In above case, inside len() we can give string or numbers, it just gives us length of that value, this is one kind of polymorphic example.
Method overriding: This is important concept for polymorphism. In child class get some method from derived parent class, in that case child class change these methods its own requirement, this is called method overriding.

Let’s try to understand polymorphism by using proper example:

class Bus:
    def start_engine_bus(self):
        print("Bus Starting")

class Car:
    def start_engine_car(self):
        print("Car Starting")
b = Bus()
c = Car()
b.start_engine_bus()
c.start_engine_car()

In above code snippet, we can see two classes Bus & Car.

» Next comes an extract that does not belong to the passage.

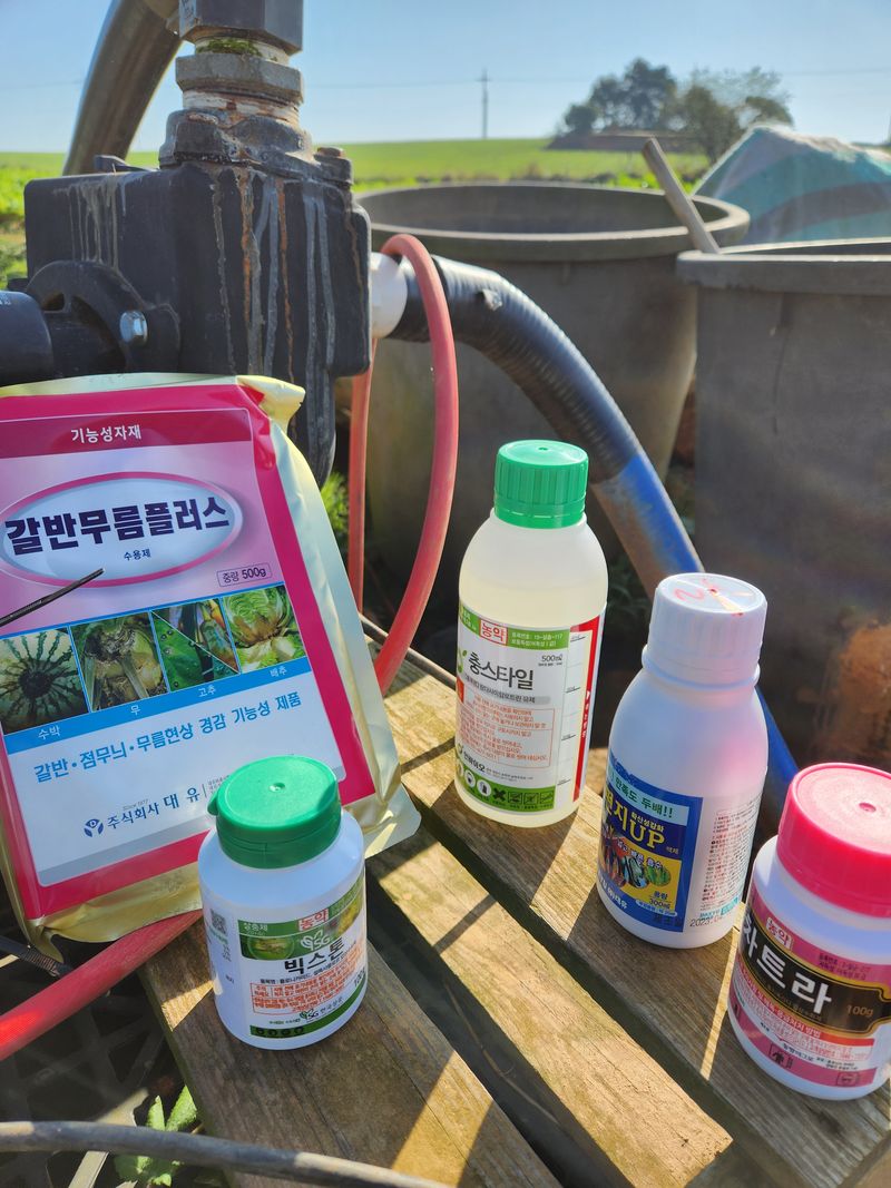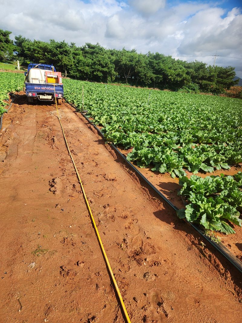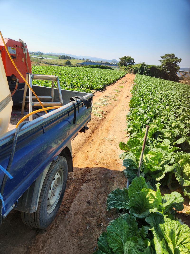 오늘 오전에 무시밭2600평.배추밭500평 농약 살포작업. (살균제.무름병,노균병.살충제. 고자리. 성장억제제.)

We defined a method each class & they do about same thing. But in that case we need to remember method name separately which is difficult to memorize. So what can we do, let's see:

class Bus:
    def start_engine(self):
        print("Bus Starting")

class Car:
    def start_engine(self):
        print("Car Starting")

b = Bus()
c = Car()
for item in [b, c]:
    item.start_engine()

In that case I defined same method name, despite being different objects, but they work correctly, this is one kind of polymorphic solution. But we can do it better way:

class Vehicle(object):
    def start_engine(self):
        print("Vehicle star_engin")

class Bus(Vehicle):
    def start_engine(self):
        print("Bus Starting")

class Car(Vehicle):
    def start_engine(self):
        print("Car Starting")

obj_v = Vehicle()
obj_b = Bus()
obj_c = Car()
obj_v.start_engine()
obj_b.start_engine()
obj_c.start_engine()

Output:
Vehicle start_engin
Vehicle start_engin
Car Starting

We derived Bus & Car from Vehicle and override parent class’s method on both of child classes.

Abstract

Abstraction is one of the great feature of object-oriented programming. It just hides the background detail rather than expose whole functionality. For example, when we use smartphone and make call to communicate other person, we don’t need to understand how does it work? What mechanism does it use? A user is not required to know behind the engineering. This process basically known as data abstraction, when all unnecessary information keep hide from end user.

Now I give you some example for better understanding, I just copy last code example & and modify it:

from abc import ABC, abstractmethod

# Define an abstract class name Vehicle that inherit from ABC
class Vehicle(ABC):
    @abstractmethod
    def start_engine(self):
        pass

# Create concrete class Inherit from abstract Vehicle class
class Bus(Vehicle):
    def start_engine(self):
        print("Bus Starting...")

# Create another concrete class Inherit from abstract Vehicle class
class Car(Vehicle):
    def start_engine(self):
        print("Car Starting...")

obj_v = Vehicle()
obj_b = Bus()
obj_c = Car()
obj_v.start_engine()
obj_b.start_engine()
obj_c.start_engine()

Output:
Vehicle start_engin
Vehicle start_engin
Car Starting

In above code create a Vechicle abstract class, inside this we just derived method, not exist any implementation here. Then we inherit this class into concrete class like Car & Bus. In Python, there hasn't any explicitly defined interface, but using abstract class we can get this flavour. Abstract is not an interface, because inside abstract class we create concrete methods, but in interface this is not possible.

In conclusion, object-oriented programming (OOP) in Python empowers developers to organize code efficiently, enhance code reusability, and promote a modular approach. Classes and objects encapsulate data and behavior, fostering a clearer understanding of the code structure. Inheritance facilitates code hierarchy, while polymorphism allows for flexible and dynamic behavior. By embracing OOP principles, developers can create scalable and maintainable systems, making it easier to adapt to evolving project requirements. Python's syntax and simplicity make it an excellent choice for implementing OOP concepts, contributing to the language's widespread popularity for diverse software development needs.